In public health and medicine, there is a tension between internal and external validity.^{1–12} Many interventions are known to be efficacious at the individual level, but less is known about (1) their impact once scaled to a population level, (2) effect modification by both measured and unmeasured factors, and (3) which intervention components should be implemented universally and which adapted to local context. The field of human immunodeficiency virus (HIV) prevention and treatment provides an illustrative example. Randomized trials and observational studies have shown that immediate initiation of antiretroviral therapy for an HIV-positive individual improves his or her health and prevents transmission between couples and from mothers to children.^{13–16} Four community randomized trials aim to examine the impact of “universal test and treat” (population-wide HIV testing with immediate antiretroviral therapy initiation for all HIV-positive persons) on HIV incidence in several countries in Eastern and Southern Africa.^{17–20} These trials are pragmatic in that they aim to learn about effectiveness and implementation in real-world conditions. Nonetheless, the specific components of their interventions, their implementation, and their impact are expected to vary within and across trials. Given promising interim results,^{21} open questions remain about nation-wide rollout and the heterogeneity in expected impact.

In this issue of *Epidemiology*, Lesko et al.^{12} highlight the distinction between estimating the effect for the study units and the effect for the target population. Concretely, the sample average treatment effect^{22},^{23} is the mean difference in the counterfactual (potential) outcomes for the enrolled units, whereas the population average treatment effect is the expected difference in the counterfactual (potential) outcomes for the population from which the study units were selected. It is worth emphasizing that sample and population effects are fundamentally different causal parameters—even when the units are drawn as a simple random sample from the target population, there is only one version of the treatment, and there is no interference.^{1},^{2},^{11} In other words, if all the assumptions for both internal and external validity held, the sample and population effects are likely to be different.

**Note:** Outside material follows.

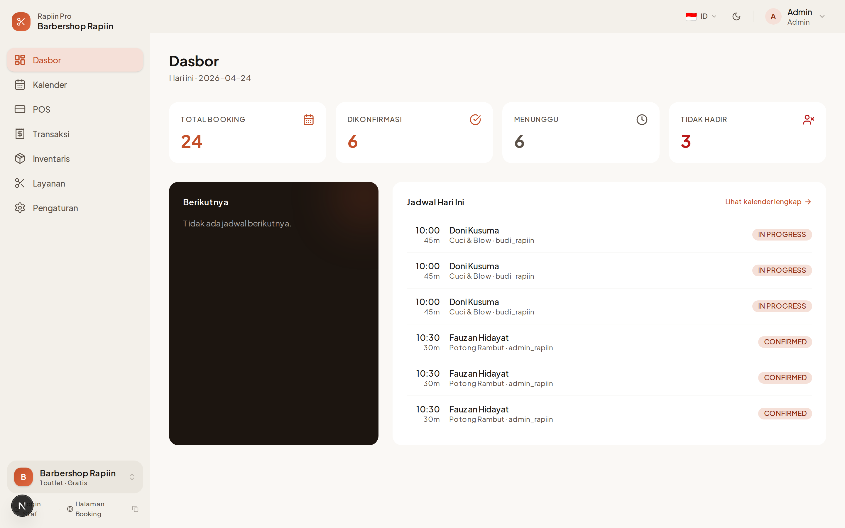 | Admin | Dashboard, Kalender, POS, Transaksi, Inventori, Layanan, Pengaturan |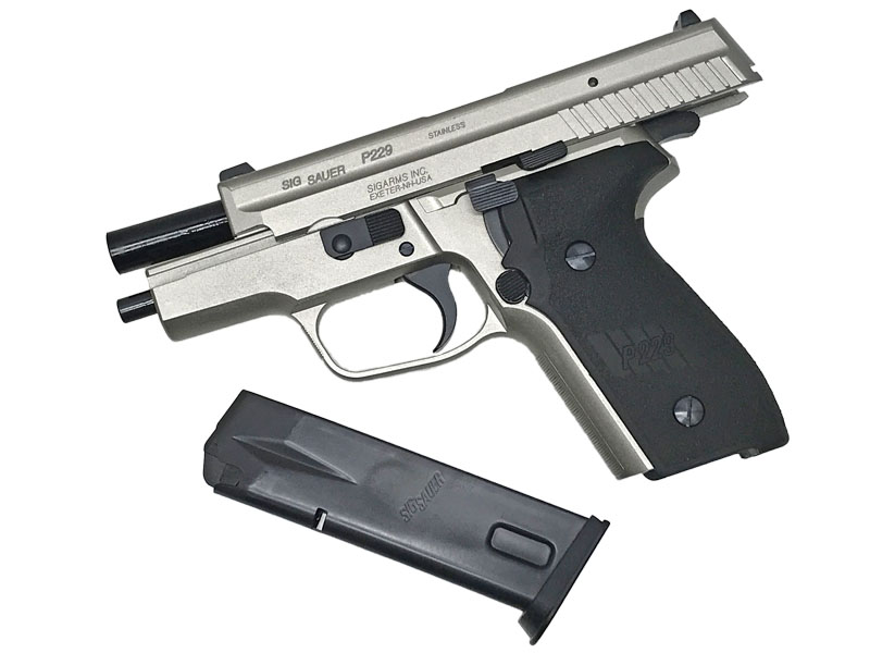 SIG P229は、.357SIGや.40SWといった強力な弾薬に対応するため、耐久性に優れたステンレス製スライドを採用して登場したモデル。

Consider the simulation study conducted by Lesko et al.,^{12} hereafter called “the authors.” There is one value of the population average treatment effect, calculated analytically or by Monte Carlo simulations as −5.5%. In contrast, the sample average treatment effect is a data-adaptive parameter; with each new selection of study units, a new value of the sample effect is obtained. To illustrate this point, we replicate the authors’ simulation 5,000 times. For increasing enrollment sizes, we draw a simple random sample of *n* units and calculate the sample effect as the average difference in the counterfactual outcomes for the enrolled units (R code in Appendix C). The resulting minimum, median, and maximum values of the sample effect and its variability from our study are shown in Table 1. For the smallest size of 100, the true value of the sample effect ranges from −14.8% to 9.2% with a median value of −5.8%. In some studies, the intervention is highly protective and in others, quite harmful. Our simple simulation highlights the potential dangers of immediately generalizing the sample effect to the population level, even when the conditions for internal and external validity hold.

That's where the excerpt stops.